A credit score is important because it enables borrowers to review and improve their credit profile. Lenders make funding decisions based on the entire contents of a credit file and where one lender might decline an application due to adverse credit another one might accept the application as all lenders have different criteria and risk ratings for funding decisions.

Factors that will influence a lending decision can be varied and potential lenders use many indicators to predict which customers can afford new debts. Things that can affect your credit score include late payments, customers making only a minimum balance payment, since this could indicate someone who is struggling to manage a debt, IVAs (individual voluntary arrangements) or any bankruptcy proceedings. Many lenders will simply not lend at all where there are County Court Judgements, thin credit files, or bankruptcy on the applicant’s record.

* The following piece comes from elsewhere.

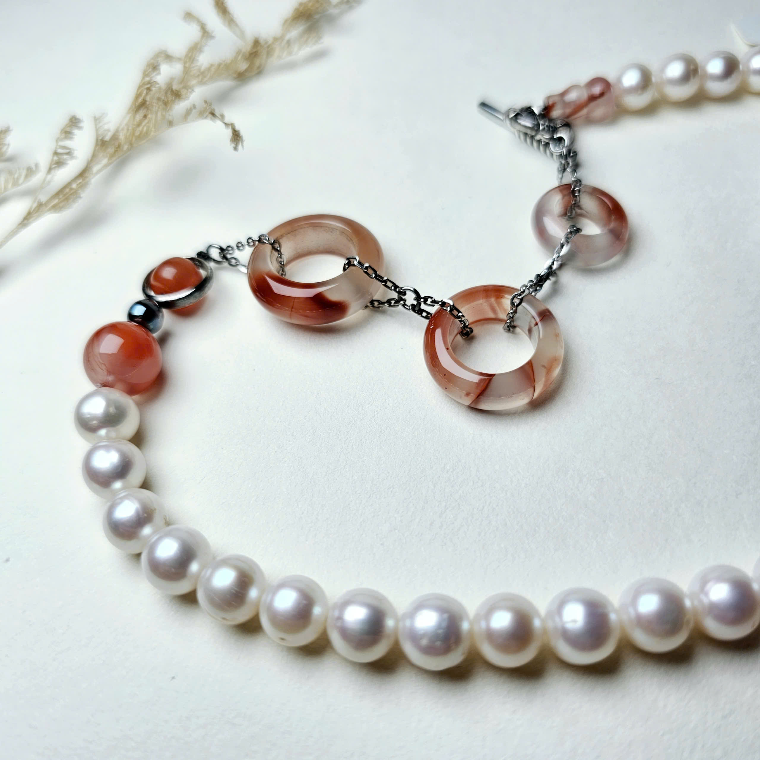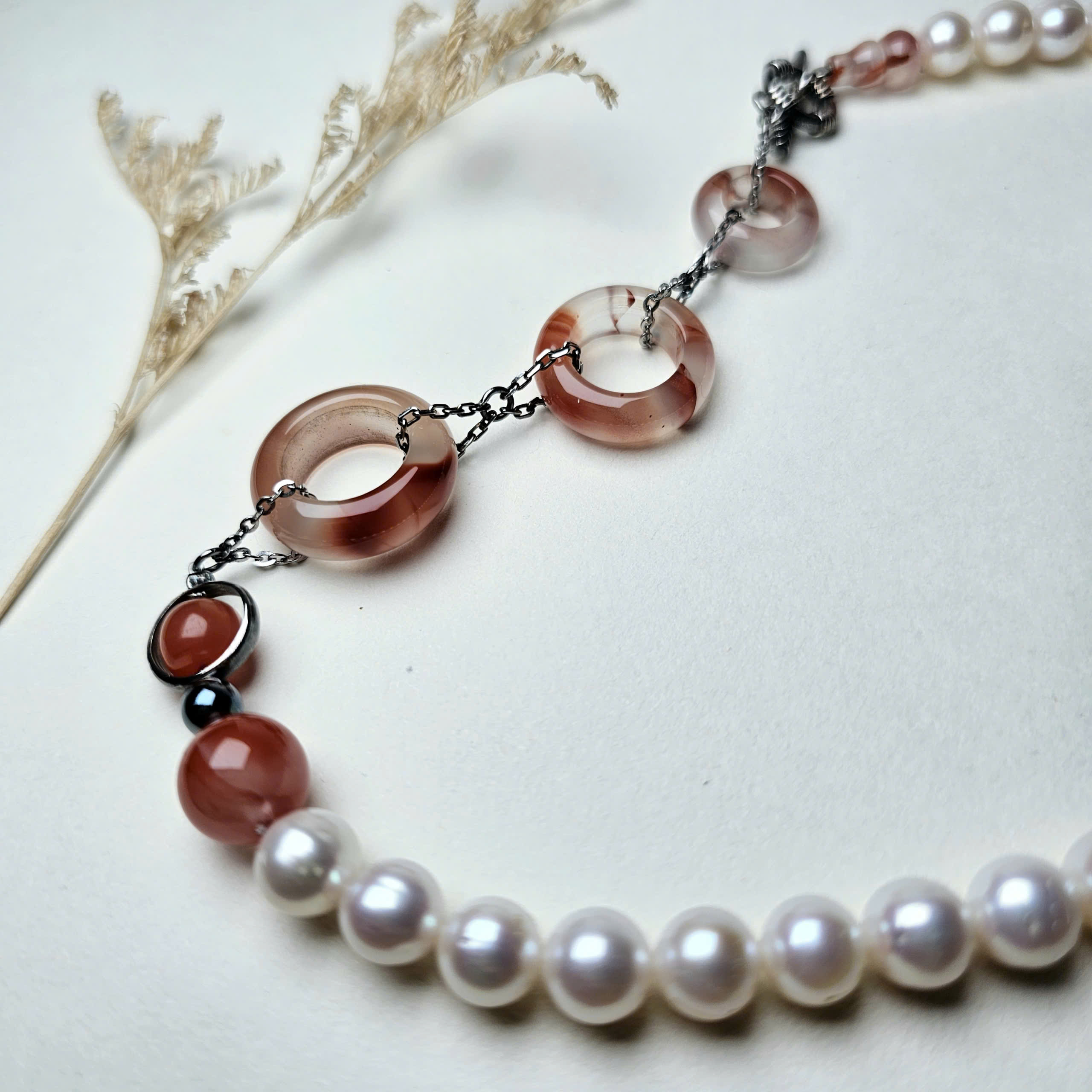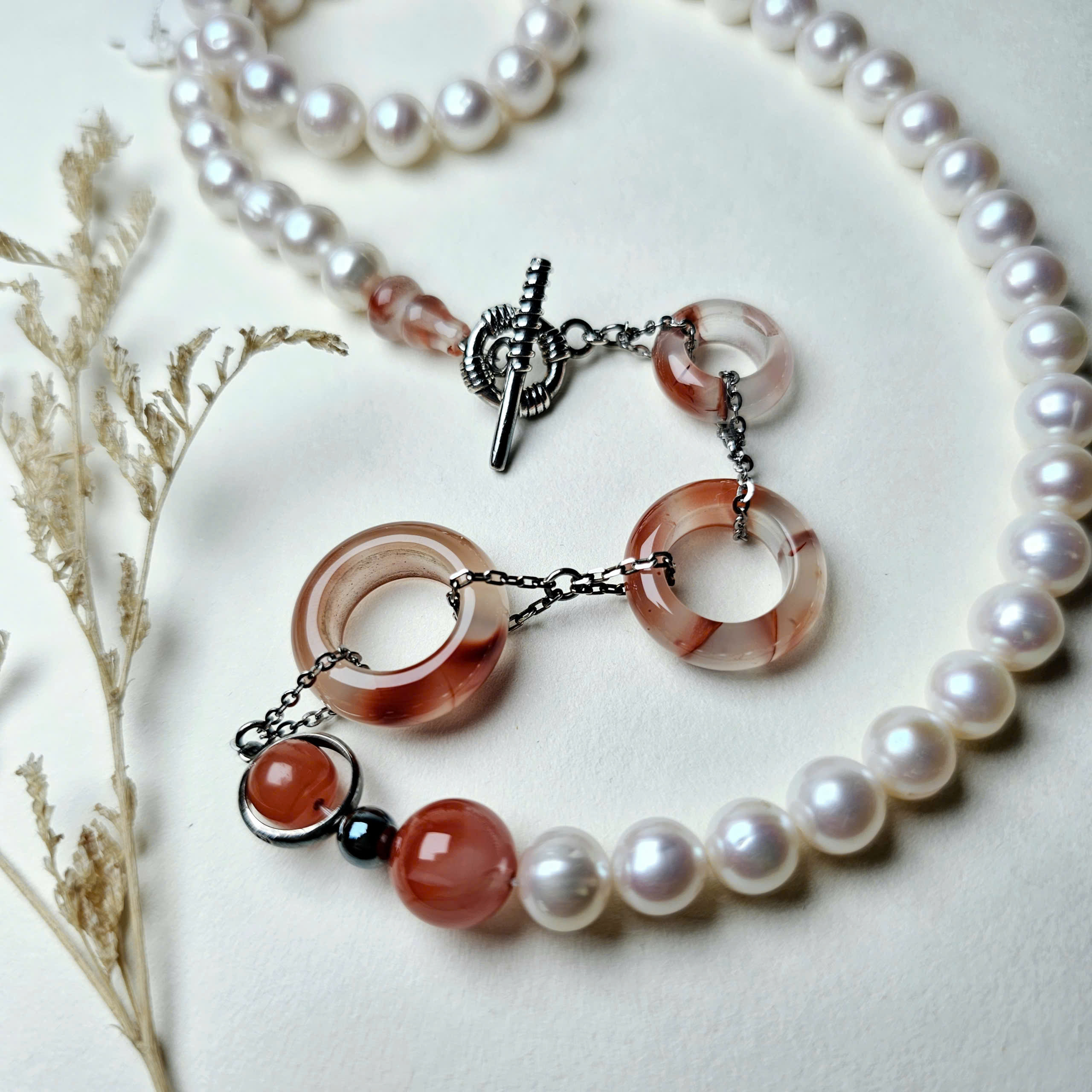 Sự kết hợp hoàn hảo giữa vẻ đẹp tinh khiết của những viên ngọc trai nước mặn 7.7ly và sự lấp lánh nhẹ nhàng của đá Nam Hồng. Những viên ngọc trai được tuyển chọn kỹ lưỡng, mang đến ánh sắc tự nhiên và độ tròn đều, tạo nên sự sang trọng và thanh lịch. Đá Nam Hồng, với sắc hồng dịu dàng, là điểm nhấn nổi bật, tăng thêm sự nữ tính và duyên dáng cho chiếc vòng. Sự kết hợp này tạo nên một món trang sức hoàn hảo cho mọi dịp, từ đi làm đến dự tiệc.

People who have access to large amounts of credit might have a low credit score because there is the potential for them to draw down a lot of borrowings in a short space of time and then struggle to service all the debt. 

Someone with a thin credit file indicates they have little or no previous financial history and usually means that a lender might decline an application because they are unable to determine a borrower’s potential creditworthiness. The opposite scenario of a borrower with a fat file, full of frequent credit applications can indicate a customer in a financial crisis.

Those people who borrow relatively small amounts of money and who prudently pay off loans and credit cards regularly are not profitable for lenders and while they may have a healthy credit score these are not ideal borrowers for lenders so may also be declined.

Can you see your credit record?

Yes! You can, and should, regularly check your credit record to keep on top of your credit rating. This will give you a better understanding of where you are and how you can make yourself more attractive to lenders to get the best deals.

Credit Angel allows you to keep on top of your credit rating and financial records easily. Meaning you can have a complete overview of your status as you try and build your credit rating. By understanding the information a potential borrower can see you will be better placed to improve your credit profile.

Does checking your own credit record affect your credit score?

Accessing your own credit file and checking your score does not impact your credit score. Regularly reviewing your own credit file can empower you to take control of your financial record and proactively manage your file and reduce the potential for declined credit.